Post
Very much so. One thing I remember clearly from the pandemic was hearing how exhausted and miserable parents were, and being completely unable to relate. My days were huge empty blocks of time, filled with too much solo drinking, too many video games, and lots of staring at the ceiling.
‪Deborah Ahrens‬
 ‪@deborahahrens.bsky.social‬
· 5d
I think perspectives on this may vary based on whether or not people had kids at the time. I remember going to meetings online where some colleagues were thriving on virtual yoga and baking, and those of us with kids had been up since 4 putting in a half-day of work before kids needed homeschool.
11:23 PM · Apr 18, 2026
There was stress but it was latent stress and I could avoid it by mentally checking out on the couch for hours. It was deenergizing, not because I was tired but because without people or structure doing things became tiring.
I got very, very good at cooking, years of my life evaporated like smoke, a friend got PTSD from working in an ER. My brain has mostly edited out the bad parts so now I sometimes miss the wierd silence even though it was hell
Like I posted a picture of a dinner I made and someone thought I’d broken quarantine and gone to a nice restaurant. I lost that skill after having a kid and that’s the thing I really miss lol
The other thing about having kids at the time is that for most parents fear/stress about your own or others’ health is extremely different than fear about your child’s health and wellbeing.

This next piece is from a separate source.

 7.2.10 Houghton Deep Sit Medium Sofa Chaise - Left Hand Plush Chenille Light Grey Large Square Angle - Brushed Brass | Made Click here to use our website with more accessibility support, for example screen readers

My job was very suited for WFH, and my team actually got hit with a prolonged bout of high workload for most of 2020. My work-life balance suffered, but I also developed a certain mastery in that particular type of work. I got a lot of recognition and a chonky raise during it. 1/?
I was kept a touch too busy to really worry about the isolation, while, at the same time, working late some days meant there was a LOT of leeway to go, "I know it's 2PM, but I worked til 10 last night and I need to go get groceries." And I got to shop in a practically empty store 2/?

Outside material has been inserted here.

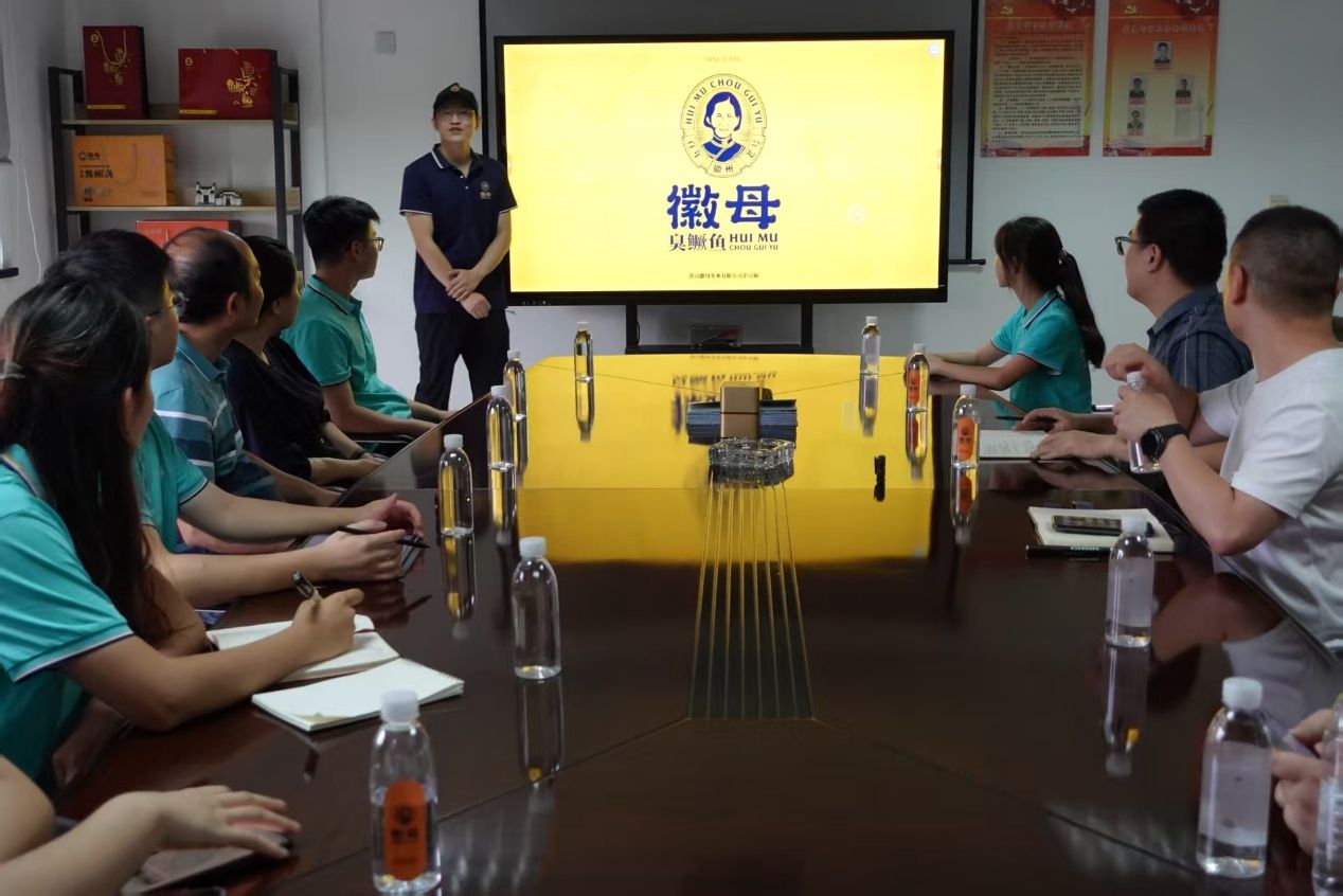 在黄山牛嫂食品有限公司,同学们参观了臭鳜鱼加工车间,同时胡总监介绍了三种服务端与客户端信息交互模式,助力企业精准捕捉市场需求,优化产品,提高大众的喜爱度。在安徽省珍味坊食品有限公司朱成龙总经理的介绍下,团队成员了解到该公司鳜鱼采用低温高湿解冻技术,用智能分拣机器筛选不同规格的鳜鱼,年产能3亿元的背后是广东2000吨级原料直采与全程冷链。徽母实业有限公司则建成了半自动化生产加工厂、电商直播基地和徽菜大师工作室,高峰期日加工鳜鱼1万吨,同时计划筹建黄山市首家臭鳜鱼博物馆,让非遗技艺与工业同框。宴仙食品有限公司里,非遗传承人程爱武则向团队成员介绍了臭鳜鱼腌制的一些技巧,确保“生臭熟香”。在皖新徽三食品供应链有限公司,人力行政总管朱笑霞带领团队参观了从原料处理到成品腌制的全流程机械化生产线,同时通过朱丽萍主任的介绍,了解到“徽三”拥有先进的生产线,同时还开发了即食臭鳜鱼预制菜产品。通过调研,团队发现了臭鳜鱼加工过程中的共同难题:腌制过程中会有极小部分臭鳜鱼肉色偏红的偶发现象,原料成本高昂导致销售成本也居高不下,二产升级,道阻且长,但“臭”味已然飘出新香。

with the perfect excuse to stay feet away from the few people I saw, with a mask hiding me from the obligation to do more than nod from a distance. Then, days I didn't have to work late involved quiet, solitary evenings doing whatever I wanted. 3/?
As a high functioning introvert living in a small but luxury apartment at the time, I was stressed and worried but also weirdly thriving. Then, at the very start of Dec 2020, I caught COVID. It never got into my chest, so I never felt close to hospitalization, but 4/?
I was so horribly, wretchedly brainfogged I only now, in retrospect, realize how very close to redlining my system I got, by myself in that apartment. I got the two weeks paid COVID leave, and I'd already put in for two weeks Xmas/NewYear leave. A whole month which I spent in recovery 5/?
I was so bad off, my boss required me to log in briefly three times a week for video chat wellness checks. It took three weeks before I was strong enough to walk downstairs from my third floor apt. And I developed Long COVID. The brainfog still hasn't fully gone away. 6/?
I am simply not as smart as I was in November 2020, anymore. Despite grabbing the vaccine and staying up to date and continuing avoidance protocols, I have since also caught Delta (just as bad), Omicron, and possibly two other unconfirmed minor variants. I'm a COVID magnet 7/?
I have since moved on to a better, higher paying job that is still WFH. But despite medication that prevents The Stupids version of brainfog for me, my executive function remains so wrecked that I sometimes go weeks without doing anything for my job, then rush to catch up...if I can 8/?
So, while my lockdown experience wasn't great; it was the last time I was WELL. I have been sick for five fucking years straight. I spend entire work weeks screaming in my head to just DO SOMETHING and can't manage it. All my PTO goes to the days I can't cover for or can't sit upright, now. 8/?
Look, I just messed up the count/numbering of the post above, only nine posts in. That is the life I have lived since the COVID lockdown - no medical answers, just my doctors doing my best at trying whatever we read about online. And I am only aware of my situation because of how bad it is. 10/?
So grateful my kids were in high school at the time and we lived a short bike ride to the beach.
That had its own problems. Our oldest was in her senior year so missed prom, end of her lacrosse season, in person graduation, and I think just the past year overcoming some of the interpersonal setbacks caused by that.
Everybody was drinking/smoking/vaping on zoom calls back then. I burned through Netflix. I used to be a public school teacher so I was used to being with kids like 8-9 hrs a day. But not 24 hrs a day. I think parents were drinking solo too.
Yeah, I think your own experience here might be coloring things for you man. Vulnerable populations weren’t happy about isolation, there were grandpas hugging kids through fucking tarps… I was glad to have said superdole so I could take care of my mom and my daughter. I liked the SAFETY of the net.
I think this is why the pandemic is so warping in a way. People had wildlu different experience. Lots of people did have an experienfe like wills and lots of people didnt.